Amber Templemore-Finlayson and Katie Ellwood, collectively known as Bert and Bertie, respectively, are British film and television directors. They are best known for directing the film Troop Zero. They also directed a block of episodes for the Disney+ series Hawkeye and Our Flag Means Death.

Career 
Bert and Bertie met in 2005 in London when Bert was making a short film series to go along with The Getaway, and Bertie was the game's writer. Bertie used to work for Sony Computer Entertainment as an assistant producer and script consultant. Their first project was the short film Phobias. The two have also directed commercials for McDonald's.

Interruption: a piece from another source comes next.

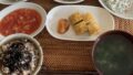 玄米雑穀ご飯が切れていたので、豚肉の残りを生姜焼きにしてパンで食べることにしました。左からいつもの焼き芋に🍠高タンパクヨーグルトをかけたもの、トマタマ酢、白和え、ベビーリーフを添えた豚モモ肉の生姜焼き、フォーシードブレッド、海藻スープ、以上です。

In 2019, they directed the comedy-drama film Troop Zero. They were inspired to create the film after realizing the social and cultural impact the film could have on young girls, saying that they felt "there had never been a film about a group of young girls that go on an adventure to achieve something by working together and succeeding". They convinced producer Todd Black at Escape Artists to help them create the film. After being approved by Escape Artists, producer Ted Hope and his Amazon Originals team let them pitch the film. For the pitch, they created Birdie Scout manuals filled with ideas how to create the film. They also made a "rip-o-matic" of reference movies to give Amazon Studios a sense of "the comic yet emotional tone of the movie", and chose 20 images that defined the film they wanted to create.

In July 2020, it was announced they would direct a block of episodes for the Disney+ series Hawkeye, which premiered in November 2021.

In February 2021, it was announced that the two will direct Queen Bitch & The High Horse, a film about the largest municipal fraud in American history. Cate Blanchett and her production company Dirty Films will produce, along with New Republic Pictures.

In August 2022, it was announced that the duo have signed on to direct a feature film adaptation of the Disneyland attraction Big Thunder Mountain Railroad.

Personal life 
The two are from London, and are based in Los Angeles and London as of January 2019. Bert grew up in Johannesburg. Bertie grew up in Leicester, England. The two like to call themselves "the Berts".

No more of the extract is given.